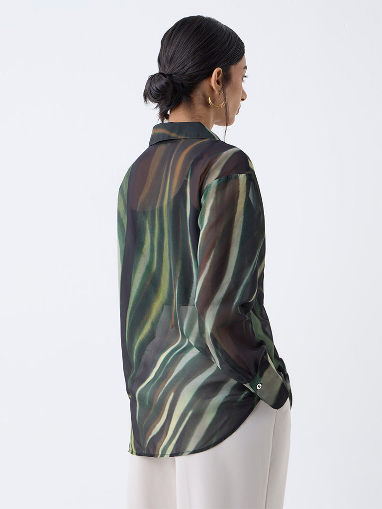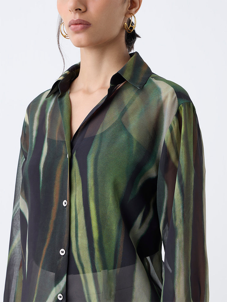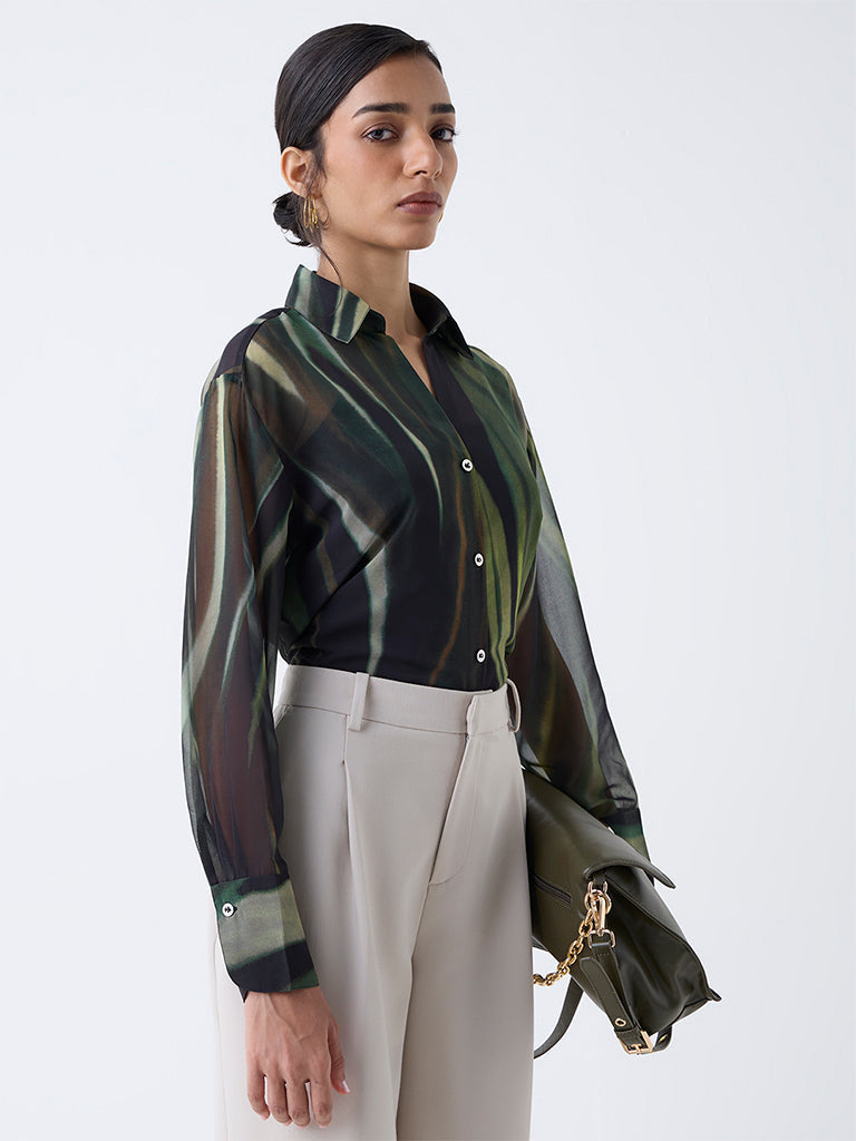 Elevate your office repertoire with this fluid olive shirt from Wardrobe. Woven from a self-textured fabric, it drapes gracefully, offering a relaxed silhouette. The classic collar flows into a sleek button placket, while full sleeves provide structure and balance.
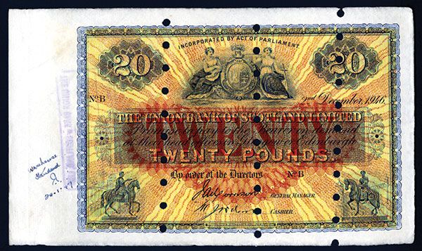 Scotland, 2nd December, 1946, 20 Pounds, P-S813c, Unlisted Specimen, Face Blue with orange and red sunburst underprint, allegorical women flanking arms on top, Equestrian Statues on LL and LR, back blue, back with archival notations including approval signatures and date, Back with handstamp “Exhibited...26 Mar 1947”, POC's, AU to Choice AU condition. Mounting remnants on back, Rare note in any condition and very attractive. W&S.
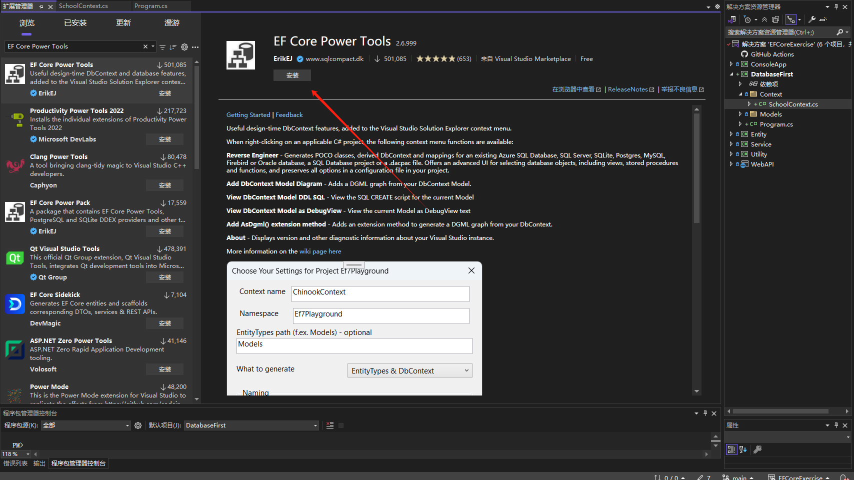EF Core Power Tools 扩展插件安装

Task brief: The line containing "Scotland, 2nd December, 1946, 20" and every line after it, through the end of the material above, are to be printed exactly; no pictures belong in the output.

Output below:
 Scotland, 2nd December, 1946, 20 Pounds, P-S813c, Unlisted Specimen, Face Blue with orange and red sunburst underprint, allegorical women flanking arms on top, Equestrian Statues on LL and LR, back blue, back with archival notations including approval signatures and date, Back with handstamp “Exhibited...26 Mar 1947”, POC's, AU to Choice AU condition. Mounting remnants on back, Rare note in any condition and very attractive. W&S.
EF Core Power Tools 扩展插件安装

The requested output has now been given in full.